2013-04-23 25 views
0

我有以下字符串:字符串轉換成嵌套的XML數據

"Sweden, Västmanland, Västerås" 
"Sweden, Dalarna, Leksand" 
"Ireland, Cork, Cobh" 
"Ireland, Clare, Boston" 
"Ireland, Cork, Baltimore" 
"Sweden, Dalarna, Mora" 

我希望轉換成XML如下:

<?xml version="1.0" ?> 
<data> 
<country name = "Ireland"> 
    <region name = "Clare"> 
     <settlement name = "Boston"/> 
    </region> 
    <region name = "Cork"> 
     <settlement name = "Baltimore"/> 
     <settlement name = "Cobh"/> 
    </region> 
</country> 

<country name = "Sweden"> 
    <region name = "Dalarna"> 
     <settlement name = "Leksand"/> 
     <settlement name = "Mora"/> 
    </region> 
    <region name = "Västmanland"> 
     <settlement name = "Västerås"/> 
    </region> 
</country> 
</data> 

什麼建在python3庫可能幫我做這種轉換,以便我不必要地重新發明輪子?

+2

這不是有效的XML標記。
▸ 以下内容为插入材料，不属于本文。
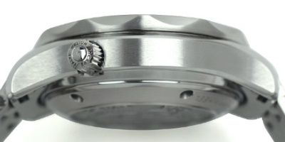 그럼 어떻게 하냐? 이 시계는 11시방향에 헬륨 가스 방출 밸브를 잘 보시면 아주 작은 구멍이 있습니다.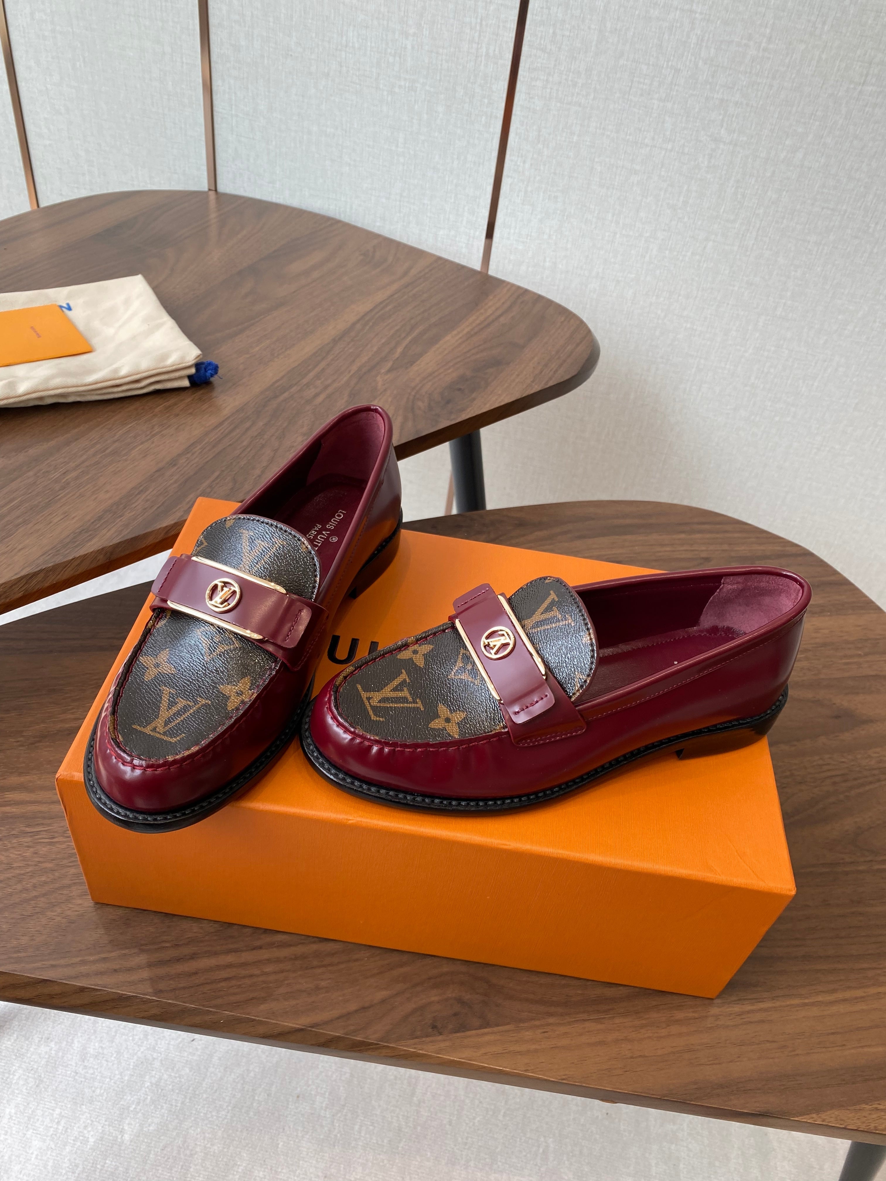 LV Academy Loafer Brown Monogram Canvas & Burdundy Patent Leather 477727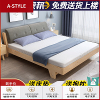 苏宁放心购实木床现代简约家用1.5米主卧出租房1.2单人床1.8m简易北欧双人床A-STYLE家具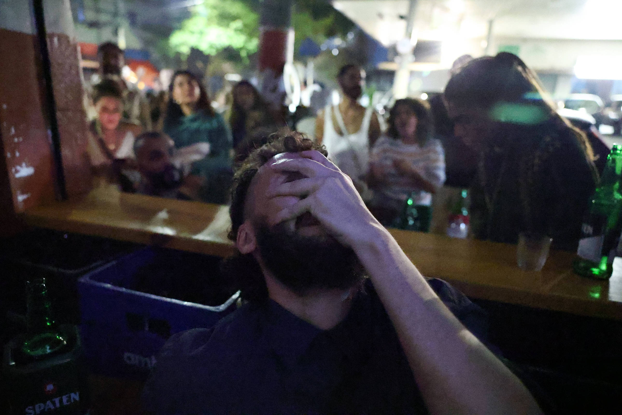 Na Barra Funda, o público se acotovelou no interior do bar Baiúca para ver a novela projetada no alto de uma parede branca com um pequeno delay no áudio. A entrada era franca.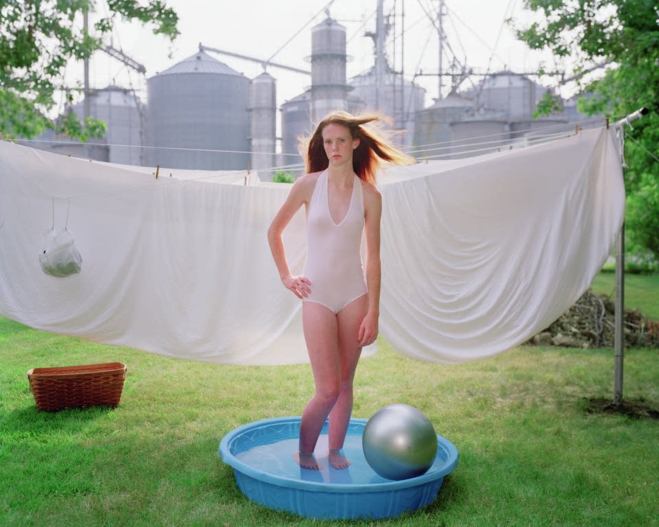 This photograph was staged to imitate Birth of Venus by Sandro Botticelli. With the young girl’s innocence paired with the hanging sheets, inflatable pool, and what appears to be a diaper above the basket, it’s foreboding image. Motherhood shown in this way with the white swimsuit and sheets can almost be seen as pure. What’s hiding in the image is the unseen work of mothers.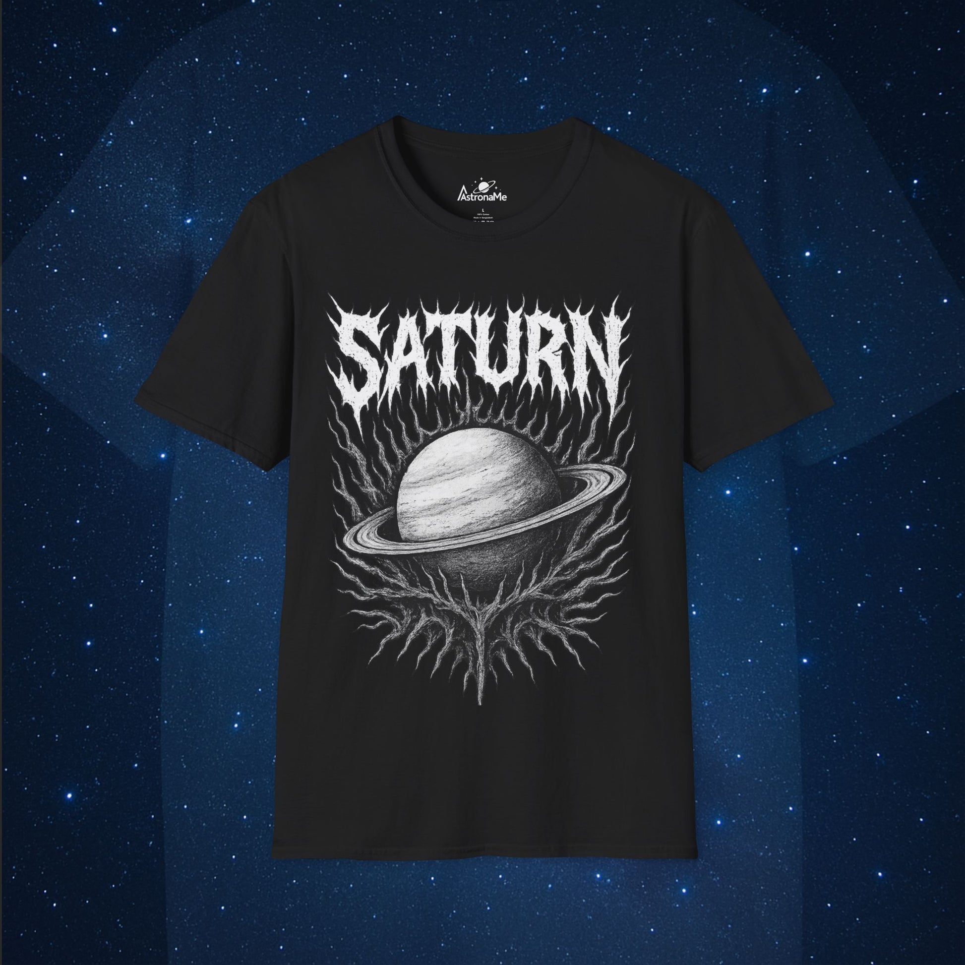 The universe’s most iconic rings get a full heavy-metal makeover. This T-shirt features Saturn carved in razor-sharp detail, its rings slicing across the design like cosmic blades. Surrounded by a chaotic spike-mass aura and crowned with jagged bone-text typography, this is Saturn reimagined as a fierce celestial emblem.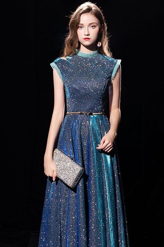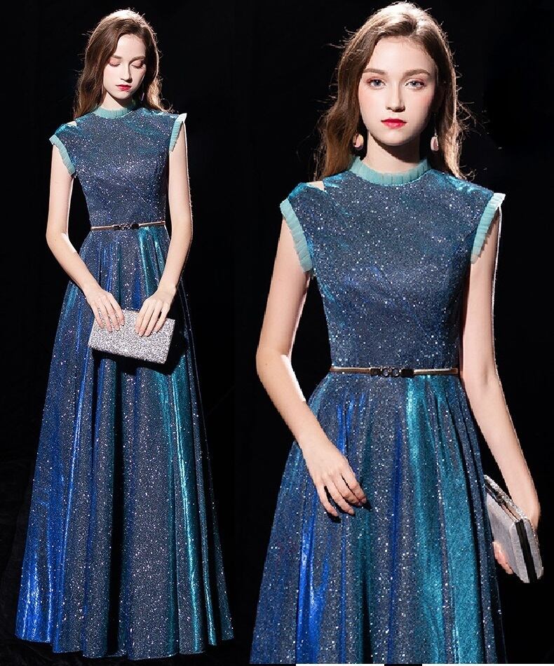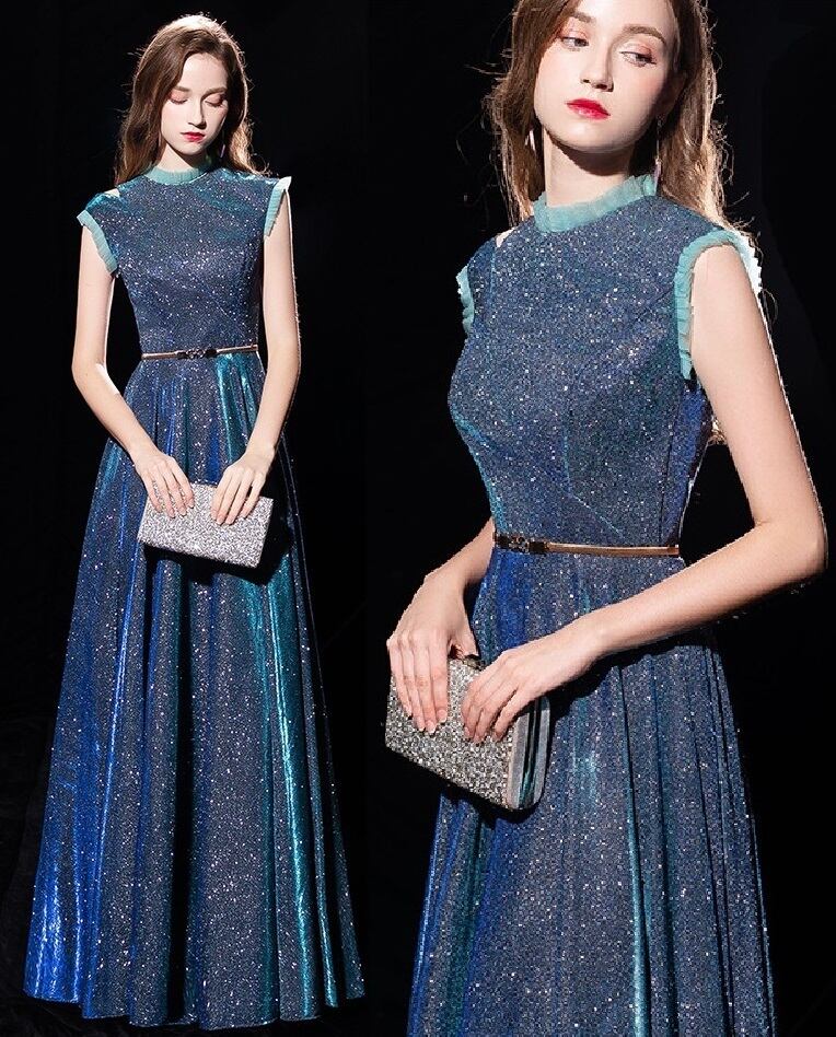 全体にラメが散りばめられたロングドレスです。光の当たり具合で輝く光沢が高級感を醸しだしてくれてます。パーティやライブ、イベント、結婚式など、どんなシーンでも活躍してくれる一着です。背中ファスナー有。ゴールドベルト付き。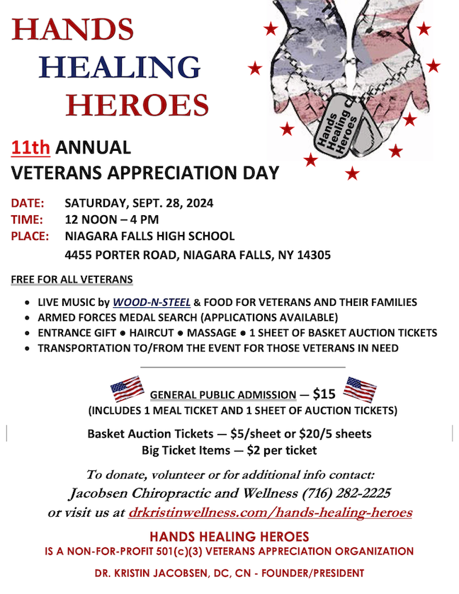 Niagara Falls High School will host a veterans appreciation day from noon-4 p.m. Saturday, Sept. 28, at the school, 4455 Porter Road. The event will feature free food and drink for all veterans and their families. Also Included will be music featuring the band Wood-n-Steel, plus a basket auction.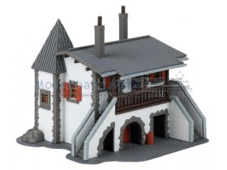 Ein zauberhaftes Miniaturhäuschen, das an ein kleines Schloss erinnert: Ein Türmchen, ein Balkon mit beidseitigem Treppenaufgang und die weiße Fassade mit steinernen Eckquadern verleihen ihm märchenhaften Charme. Das graue Ziegeldach und die steinern umrahmten Rundbögen im Erdgeschoss setzen elegante Akzente, während die roten Fensterläden fröhliche Farbtupfer hinzufügen.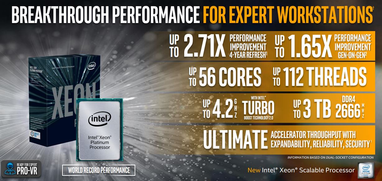 Unveiled in July 2017, Intel Xeon Scalable processors deliver breakthrough dual-socket performance for the most advanced workstation professionals, offering up to 56 cores, up to 112 threads and an Intel® Turbo Boost Technology frequency up to 4.2 GHz.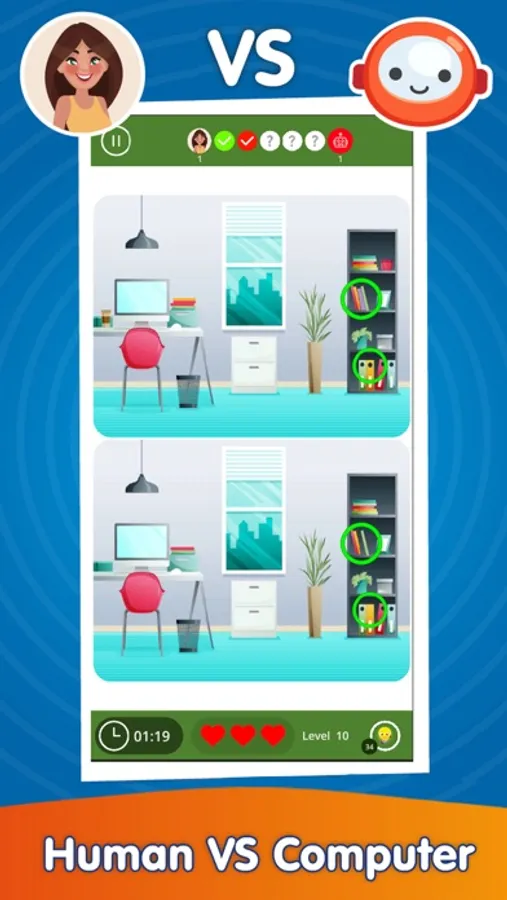 Enjoy Tap the difference puzzle game with countless level challenges,Brain teaser puzzle game to increase visual attention and it will sharpens your mind.your job is just to find and spot difference between the two pictures.Ultimate find the differences is a popular observation game like Hidden Object game that won't let you stop playing.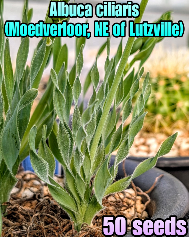 【Albuca ciliaris (Moedverloor, NE of Lutzville, RSA)】 ◎自家採種・2025年2月採種 ★★★★★ 毛の生えた葉が巻く、冬に生育するタイプのアルブカ。Gethyllisにも同じ“ciliaris(縁毛のある)”という種小名をもつ種があり雰囲気が似ていますが、花は典型的なアルブカのそれなので仲間ではないことが分かるでしょう。 巻き方は株の大きさにも依存し、大株になれば強く巻くようになる印象があります。 本種の分布は広いそうで、南はClanwilliam、北はRichtersveldのほうまで自生するといいます。 この系統はMoedverloor産です。Moedverloorという場所は北ケープ州のKamieskroon近くにも存在しますがそちらではなく、西ケープ州のKnersvlakte region、Lutzvilleの北東にある場所です。 ★★★★★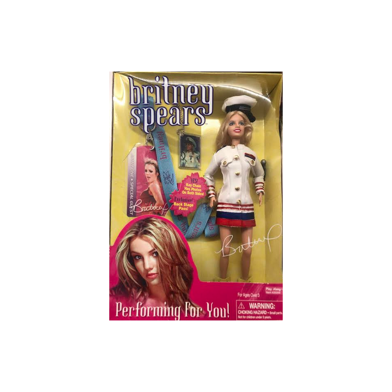 Poupée Britney Spears (modèle n°20), inspirée de la tenue portée par Britney Spears sur scène. Taille approximative : 25cm. Inclus ses accessoires et un pass backstage.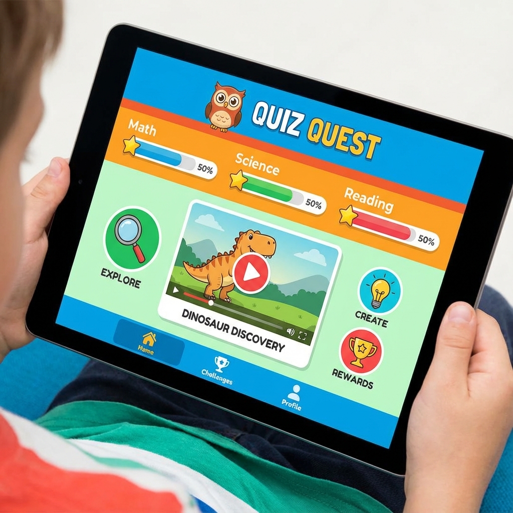 An interactive learning app for students featuring video lessons, quizzes, and progress tracking gamification.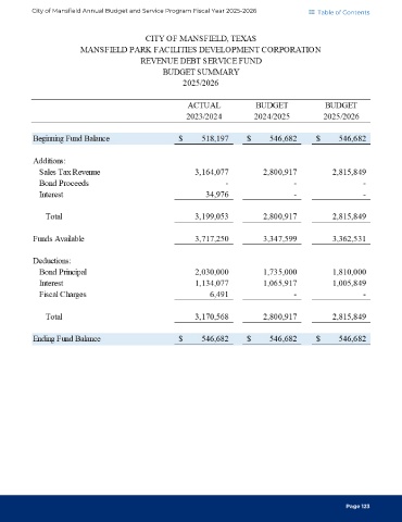 City of Mansfield Annual Budget and Service Program Fiscal Year 2025-2026 Table of Contents Page 123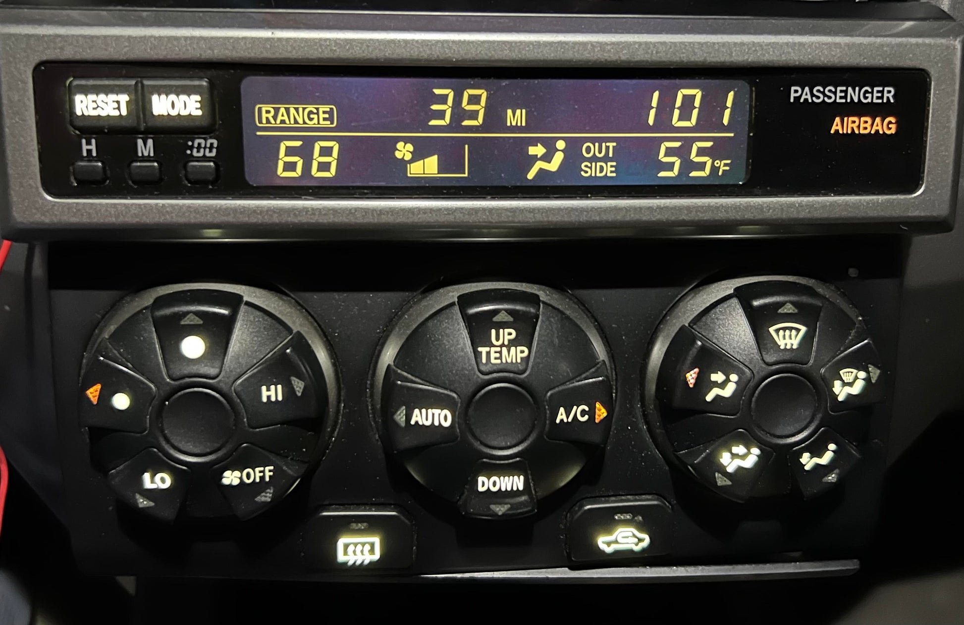 This service replaces all of your factory orange lights in the HVAC and your push button lights around your dash. Your whole HVAC unit, all buttons (4x4,rear window, DAC, 115v, diff lock, seat warmers, shifter light, cup holder light etc.)

您需要使用屬性或XML文本,沒有屬性名稱的'''是無效的。 – 2013-04-23 09:07:06

+3

這是另一個有點非建設性的問題(你基本上是在尋求對圖書館和方法的建議)。你有沒有嘗試過自己呢?你遇到什麼問題? – 2013-04-23 09:09:44

+0

「排序」不適用於XML。除非你的意思是分組。 – 2013-04-23 09:18:12

回答

2
import xml.etree.ElementTree as ET 
from collections import defaultdict 

strings = ["Sweden, Västmanland, Västerås", 
"Sweden, Dalarna, Leksand", 
"Ireland, Cork, Cobh", 
"Ireland, Clare, Boston", 
"Ireland, Cork, Baltimore", 
"Sweden, Dalarna, Mora"] 

dd = defaultdict(lambda: defaultdict(list)) 

for s in strings: 
    a, b, c = s.split(', ') 
    dd[a][b].append(c) 

root = ET.Element('data') 

for c, regions in dd.items(): 
    country = ET.SubElement(root, 'country', {'name': c}) 
    for r, settlements in regions.items(): 
     region = ET.SubElement(country, 'region', {'name': r}) 
     for s in settlements: 
      settlement = ET.SubElement(region, 'settlement', {'name': s}) 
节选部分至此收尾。